My baby starts crying and fussing three or four nights a week, always in the wee hours of the morning.
Nothing I do settles him down. Ever have a night like that?
Your mom will tell you it’s probably colic. But having its name doesn’t tell you what it is or what to do about it.
Mom may not know. Colic’s cause is unknown, and it is more of a group of symptoms than any one thing. It usually starts around age two weeks, and goes away by 3 or 4 months.
Colic is the catch-all description given to a healthy, well-fed baby who cries more than three times a week, for more than 3 hours and continues this pattern for three weeks.
So what do you do about it? Here’re some home remedies that may help.
1. Motion Like The Ocean
Gas is thought to be one of the chief causes behind colic.
Some nice, relaxed rocking may help the baby move things through his system and pass gas. It certainly can’t hurt when trying to calm him down.
An infant swing works just about as well; just make sure your baby is old enough to be in the swing.
Babies are not hard to distract. This comes in handy when colic hits.
While noise can distract the baby from her discomfort, don’t go out and buy a noisy toy, just turn on the vacuum cleaner, the dishwasher or some other household appliance that we ignore on a daily basis.
3. Wrap It Up
Warmth applied to any body part increases the blood flow to that area. Increased blood flow often translates into better performance.
When a baby is crying with colic, place a warm towel across his abdomen and tuck it around his little belly. It can help cut down on the gas trapped in the stomach.
4. Stop And Smell The Roses
Soothe him or her by a nice warm bath. Add a drop or two of lavender to the water, and give the baby a little tummy massage. If you don’t like lavender, try chamomile or fennel massage oils.
5. From Your Mouth To Baby’s Breast Milk
If you’re breastfeeding, it could be that your diet is contributing to your baby’s gaseous issues.

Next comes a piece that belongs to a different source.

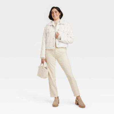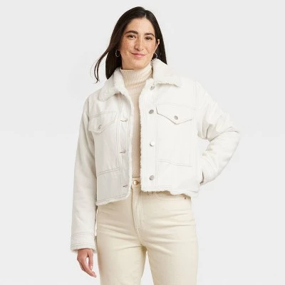 Rock the perfect blend of cozy and stylish with this Faux Fur-Lined Trucker Jacket from Universal Thread™. This white trucker jacket is made of heavyweight twill cotton and full faux-fur lining for toasty warmth, and there are hints of the fuzzy lining visible at the waist, front placket, collar, and sleeve openings for visual interest. The long-sleeve jacket is styled with a full-length button-down front, roomy patch pockets on the chest with buttoned flaps and stitched detailing and is tailored in a casual, below-waist fit for versatile wear.

Pay close attention to your diet, eliminating the potentially gas-causing foods one at a time for a week. If it improves, then you’ve probably figured out the food culprit. Try eliminating dairy, chocolate, caffeine, and any gas-forming foods, like broccoli, cabbage, onions, peppers and citrus fruits.
6. Wrap Me Up
Holding baby close to your chest where your heartbeat can be heard reminds your little bundle of joy about the comfort and safety of your womb. Swaddling a baby in a soft, slightly stretchy blanket is how they deal with fussing babies in hospital nurseries. Why wouldn’t it work for you at home? It is worth a try.
If none of these remedies work, have a talk with your pediatrician.